Potassium chloride fertilizer is a common chemical fertilizer widely used in agricultural production. excessive use of potassium chloride fertilizer may pose certain hazards to soil and the environment. The following are some potential consequences:

1. Soil Salinization: Excessive use of potassium chloride fertilizer can increase the salt content in soil, leading to salinization. Salinization disrupts soil structure and functionality, affecting crop growth and yield. Additionally, it may cause groundwater tables to rise, triggering secondary soil alkalinization issues.

2. Soil pH Imbalance: Overuse of potassium chloride fertilizer may lead to soil pH imbalance. As an acidic fertilizer, excessive potassium chloride can acidify the soil, hindering normal crop growth. pH imbalances can disrupt soil microbial communities, reducing soil fertility and ecological balance.

3. Soil Structure Degradation: Excessive potassium chloride application can degrade soil structure. Since potassium chloride is not easily decomposed in soil, long-term accumulation forms crystalline deposits, reducing soil porosity, aeration, and water permeability. This impairs root respiration and nutrient absorption in crops.
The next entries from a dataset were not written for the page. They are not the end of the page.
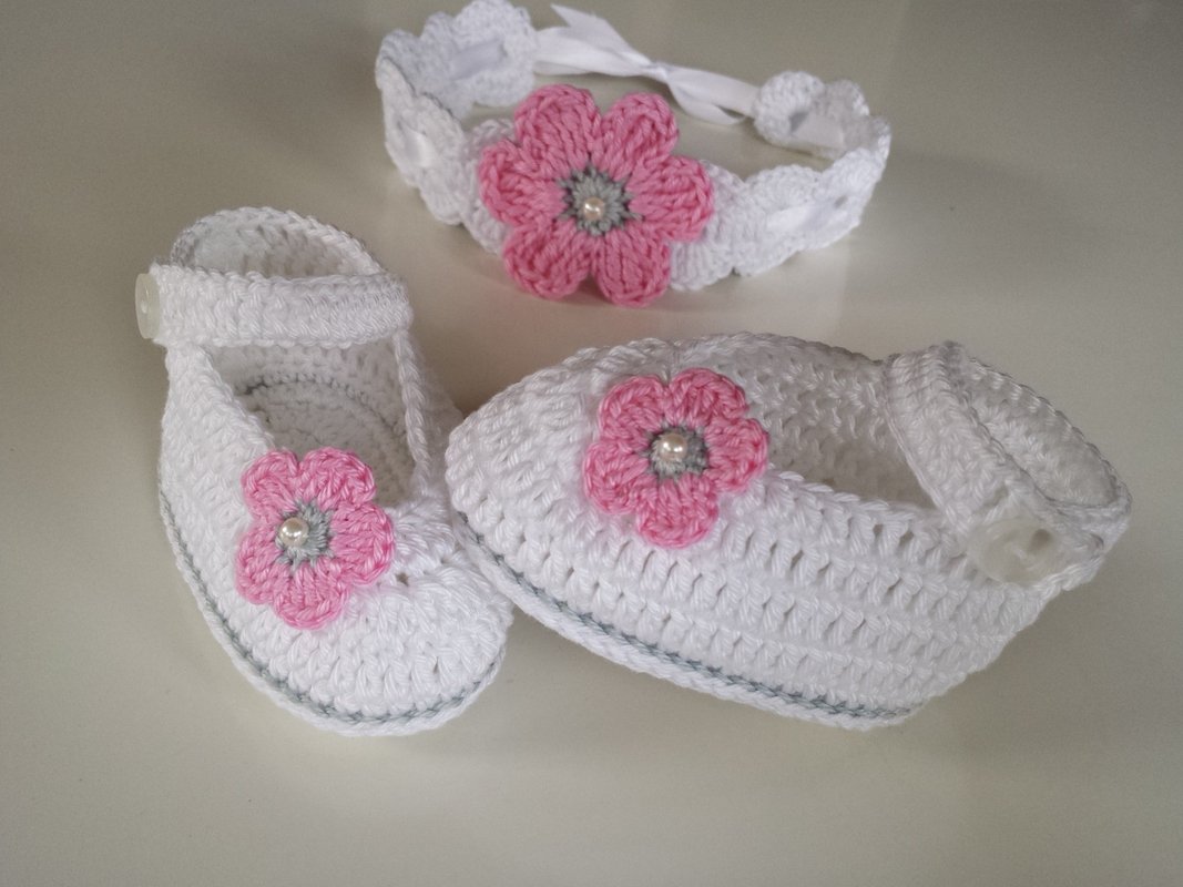 Dies ist eine Häkel-Anleitung für die auf dem Foto abgebildeten Schühchen sowie das Haarband nicht das fertige Produkt!!
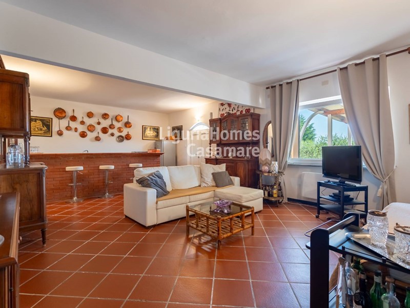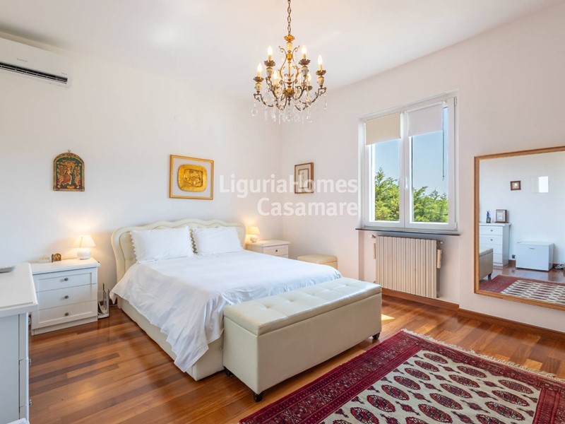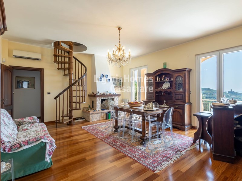 Internamente, la villa è stata completamente rinnovata secondo i più elevati standard energetici. Al piano dingresso si trovano un ampio soggiorno con accesso al terrazzo, dal quale ammirare una spettacolare vista sul mare e sul castello di Noli, una cucina, un bagno di servizio, due camere da letto e una cabina armadi, collegata tramite scala interna al piano inferiore.
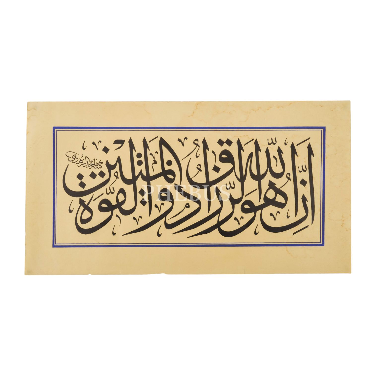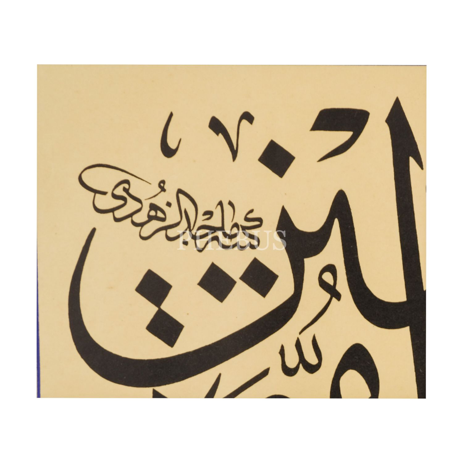 Mâcid ez-Zühdü ketebeli baskı celî sülüs istif âyet, yazı ölçü: 35x15 cm, kağıt ölçü: 43x23 cm...

4. Reduced Soil Biodiversity: Overuse of potassium chloride may decrease soil biodiversity. As a non-selective fertilizer with slow nutrient release, it may prevent beneficial microorganisms from accessing nutrients promptly, affecting their reproduction and survival. This disrupts soil microbial communities, undermining soil fertility and ecosystem stability.

5. Water Pollution: Excessive potassium chloride use can contaminate water bodies. Since potassium chloride is resistant to degradation, excessive runoff into rivers and lakes contributes to eutrophication, harming aquatic life. Additionally, reactions between potassium chloride and organic matter in water can produce toxic substances, worsening pollution.

6. Environmental Pollution: Residual potassium chloride in soil can compromise crop quality, particularly by causing excessive potassium levels in agricultural products, posing health risks to humans. Furthermore, potassium chloride may seep into groundwater via rainwater, contaminating drinking water sources.

7. Waste of Agricultural Resources: Excessive potassium chloride use leads to resource waste. Despite its efficiency, the utilization rate of this fertilizer is low. Overapplication results in economic burdens for farmers and significant resource wastage.

8. Climate Impact: Excessive potassium chloride use may exacerbate climate change. The decomposition of potassium chloride in soil requires substantial energy, linking its overuse to increased greenhouse gas emissions and global warming trends.

excessive potassium chloride fertilizer use poses risks to soil, environmental, water, and human health. To protect agricultural ecosystems and public well-being, its application must adhere to scientific principles and avoid overreliance.